How are the Different Self-Referent Memory Bias Task Outcome Measures Related to Depression Symptom Severity?
As is evident from Table 3, all outcome measures from the endorsement phase and the negative self-referent memory bias indices were significantly associated with depression symptom severity. Because depression status was included as covariate in these regression models, the associations existed independent of current depression status. Interestingly, we showed before that the number of negative endorsed words most strongly differentiated the three diagnostic groups, whereas most variance in depression symptom severity was explained by the number of positive endorsed words. From the recall phase, both the number of positive recalled words and the negative recall score were significantly associated with depression symptom severity, while the number of negative recalled words was not.
How Do the Different DDM Parameters Relate to Depression Symptom Severity?
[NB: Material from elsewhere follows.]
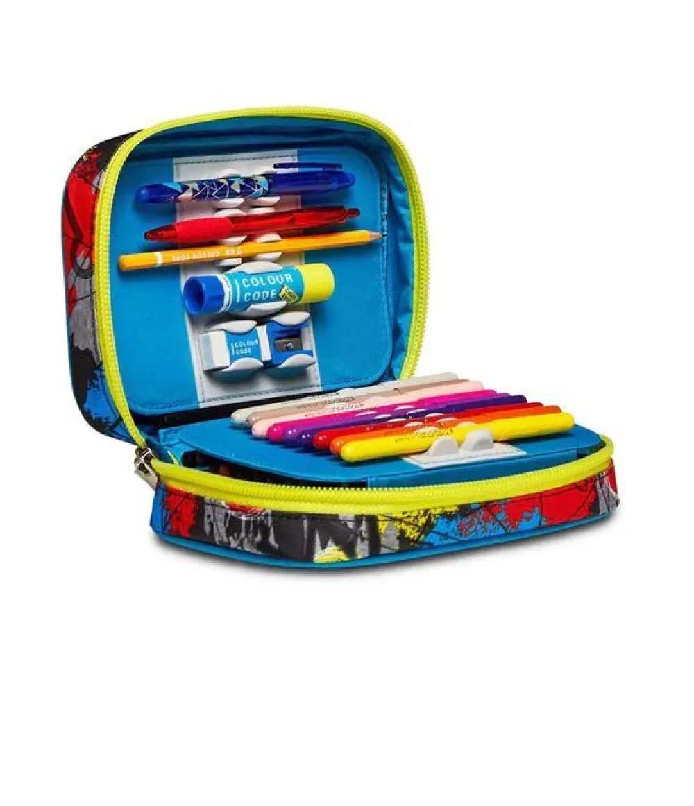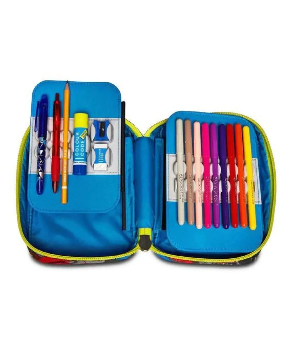 Astuccio per la scuola Seven Round Plus The Double. Realizzato in robusto poliestere, con chiusura zip e doppio vano interno. L’organizzazione interna consente di avere tutto in ordine: uno scomparto con elastici di diverse misure e una tasca chiusa da zip epr i piccoli oggetti. La misura ideale per avere con sè tutto il necessario nelel giornata scolastiche!

The positive and negative drift rate and the positive relative starting point (zrpositive) were significantly associated with depression symptom severity, independent of depression status. The positive drift rate explained most variance (R2 = 0.296), which is in line with the results in Sect. 3.2. It also matches the finding of Dainer-Best and colleagues (2018) who showed in three large, healthy samples that from all DDM parameters, drift rate was most robustly associated with depression symptoms.
The Optimal (Combination of) Outcome Measure(s) to Differentiate Depression Status and Possibly Predict Depression Symptom Severity
As a final step and to accommodate outcome measure selection within the clinical setting, we examined which outcome measure(s) is/are best suitable to distinguish between depression status. The measures with the highest explained variance in their own category (i.e., the endorsement phase, the bias indices, and the DDM (see 3.1 and 3.2)) were selected. This resulted in the ‘classic’ outcome measures, i.e., the number of negative endorsed words and the negative self-referent memory bias index (variation 1). We tested whether the positive drift rate had any additional value. MANCOVAs with combinations of these three outcome measures were performed with gender, age, education level, and cohort (MIND-Set, MATCH, and Info in Genes) as covariates. The N = 629 subsample from the DDM analyses was used.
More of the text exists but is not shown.